● PROBLEM REQUIREMENTS
Each line of the data below from the one holding "Трубачев И. Н., руководитель" to the one holding "Наслідки влучання російського", inclusive, is to be reproduced exactly; no other line belongs in the answer.

● THE RECORDS

────────────────────────────────────────

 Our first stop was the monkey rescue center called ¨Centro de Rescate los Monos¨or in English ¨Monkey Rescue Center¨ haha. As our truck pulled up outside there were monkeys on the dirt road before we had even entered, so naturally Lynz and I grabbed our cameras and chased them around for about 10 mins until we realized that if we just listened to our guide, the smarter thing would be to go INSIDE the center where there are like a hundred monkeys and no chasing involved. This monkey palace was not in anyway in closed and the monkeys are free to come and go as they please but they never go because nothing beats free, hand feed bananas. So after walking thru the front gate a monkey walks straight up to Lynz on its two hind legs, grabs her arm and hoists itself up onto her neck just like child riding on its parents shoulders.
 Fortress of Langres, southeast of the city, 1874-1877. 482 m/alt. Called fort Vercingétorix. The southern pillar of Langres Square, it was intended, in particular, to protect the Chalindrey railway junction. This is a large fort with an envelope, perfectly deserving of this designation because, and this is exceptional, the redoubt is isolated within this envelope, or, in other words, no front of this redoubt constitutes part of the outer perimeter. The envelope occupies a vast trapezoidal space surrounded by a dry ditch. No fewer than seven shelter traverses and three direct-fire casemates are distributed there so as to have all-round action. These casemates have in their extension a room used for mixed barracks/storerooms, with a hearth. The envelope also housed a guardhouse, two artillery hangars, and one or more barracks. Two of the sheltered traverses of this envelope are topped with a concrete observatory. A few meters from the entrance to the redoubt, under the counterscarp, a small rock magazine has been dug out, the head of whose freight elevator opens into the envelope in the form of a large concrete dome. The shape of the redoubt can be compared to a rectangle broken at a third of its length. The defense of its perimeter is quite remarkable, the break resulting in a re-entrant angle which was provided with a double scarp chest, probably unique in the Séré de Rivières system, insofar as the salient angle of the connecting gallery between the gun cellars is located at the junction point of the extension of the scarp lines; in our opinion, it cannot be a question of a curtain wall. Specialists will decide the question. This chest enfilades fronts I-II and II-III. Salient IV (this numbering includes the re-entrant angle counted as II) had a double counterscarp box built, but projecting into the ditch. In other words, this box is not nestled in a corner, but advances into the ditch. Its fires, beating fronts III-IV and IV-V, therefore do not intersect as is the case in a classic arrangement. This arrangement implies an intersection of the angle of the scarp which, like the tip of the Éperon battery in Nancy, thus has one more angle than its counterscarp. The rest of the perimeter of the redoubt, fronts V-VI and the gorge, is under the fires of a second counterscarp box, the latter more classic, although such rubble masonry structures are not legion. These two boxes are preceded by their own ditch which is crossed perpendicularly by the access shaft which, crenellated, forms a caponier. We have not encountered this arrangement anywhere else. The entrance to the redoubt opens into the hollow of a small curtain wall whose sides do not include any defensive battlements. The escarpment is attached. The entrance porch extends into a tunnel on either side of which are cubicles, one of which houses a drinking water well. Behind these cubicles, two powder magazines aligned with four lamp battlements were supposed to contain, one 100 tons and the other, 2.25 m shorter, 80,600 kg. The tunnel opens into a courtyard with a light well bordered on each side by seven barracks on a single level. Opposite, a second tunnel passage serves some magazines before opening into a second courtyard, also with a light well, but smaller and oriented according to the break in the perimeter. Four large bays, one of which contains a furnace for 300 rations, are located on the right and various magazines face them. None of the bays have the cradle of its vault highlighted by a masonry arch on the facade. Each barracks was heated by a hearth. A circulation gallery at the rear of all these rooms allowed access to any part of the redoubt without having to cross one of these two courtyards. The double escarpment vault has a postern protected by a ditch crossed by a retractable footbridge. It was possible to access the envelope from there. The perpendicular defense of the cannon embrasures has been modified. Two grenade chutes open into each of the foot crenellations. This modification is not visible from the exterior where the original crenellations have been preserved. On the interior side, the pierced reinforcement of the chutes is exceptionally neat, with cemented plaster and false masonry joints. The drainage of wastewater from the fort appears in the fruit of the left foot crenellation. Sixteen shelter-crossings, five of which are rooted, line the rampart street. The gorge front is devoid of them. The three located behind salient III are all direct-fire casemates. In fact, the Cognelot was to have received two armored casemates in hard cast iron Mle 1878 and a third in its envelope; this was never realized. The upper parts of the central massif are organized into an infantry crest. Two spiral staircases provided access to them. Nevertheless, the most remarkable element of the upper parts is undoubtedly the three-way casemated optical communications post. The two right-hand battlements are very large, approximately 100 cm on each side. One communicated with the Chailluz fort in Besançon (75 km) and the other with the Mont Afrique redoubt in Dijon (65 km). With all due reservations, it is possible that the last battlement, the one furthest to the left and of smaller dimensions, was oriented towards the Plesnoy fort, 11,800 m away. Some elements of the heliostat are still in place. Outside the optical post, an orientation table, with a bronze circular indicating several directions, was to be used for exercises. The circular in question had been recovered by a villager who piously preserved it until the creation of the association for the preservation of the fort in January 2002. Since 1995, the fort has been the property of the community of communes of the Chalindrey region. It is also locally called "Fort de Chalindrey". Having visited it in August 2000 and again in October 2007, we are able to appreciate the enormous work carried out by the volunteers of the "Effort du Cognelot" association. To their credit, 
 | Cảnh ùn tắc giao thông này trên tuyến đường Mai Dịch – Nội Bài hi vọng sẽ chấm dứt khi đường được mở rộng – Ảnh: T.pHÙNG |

────────────────────────────────────────

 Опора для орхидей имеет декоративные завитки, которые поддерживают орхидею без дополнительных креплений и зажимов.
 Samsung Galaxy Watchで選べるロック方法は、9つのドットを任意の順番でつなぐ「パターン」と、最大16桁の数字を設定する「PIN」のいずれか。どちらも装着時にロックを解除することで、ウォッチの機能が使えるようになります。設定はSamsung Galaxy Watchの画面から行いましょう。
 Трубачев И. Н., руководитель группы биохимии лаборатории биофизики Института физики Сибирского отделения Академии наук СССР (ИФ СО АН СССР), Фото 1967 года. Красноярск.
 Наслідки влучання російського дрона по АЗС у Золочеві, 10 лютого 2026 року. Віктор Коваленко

────────────────────────────────────────

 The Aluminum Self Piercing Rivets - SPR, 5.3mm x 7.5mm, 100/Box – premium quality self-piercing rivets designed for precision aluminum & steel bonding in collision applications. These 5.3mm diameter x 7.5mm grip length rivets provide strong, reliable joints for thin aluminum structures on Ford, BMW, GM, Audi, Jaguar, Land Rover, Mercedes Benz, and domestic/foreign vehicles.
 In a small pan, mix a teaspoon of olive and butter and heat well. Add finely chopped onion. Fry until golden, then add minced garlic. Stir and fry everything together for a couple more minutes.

────────────────────────────────────────

● ANSWER TO THIS TASK
 Трубачев И. Н., руководитель группы биохимии лаборатории биофизики Института физики Сибирского отделения Академии наук СССР (ИФ СО АН СССР), Фото 1967 года. Красноярск.
 Наслідки влучання російського дрона по АЗС у Золочеві, 10 лютого 2026 року. Віктор Коваленко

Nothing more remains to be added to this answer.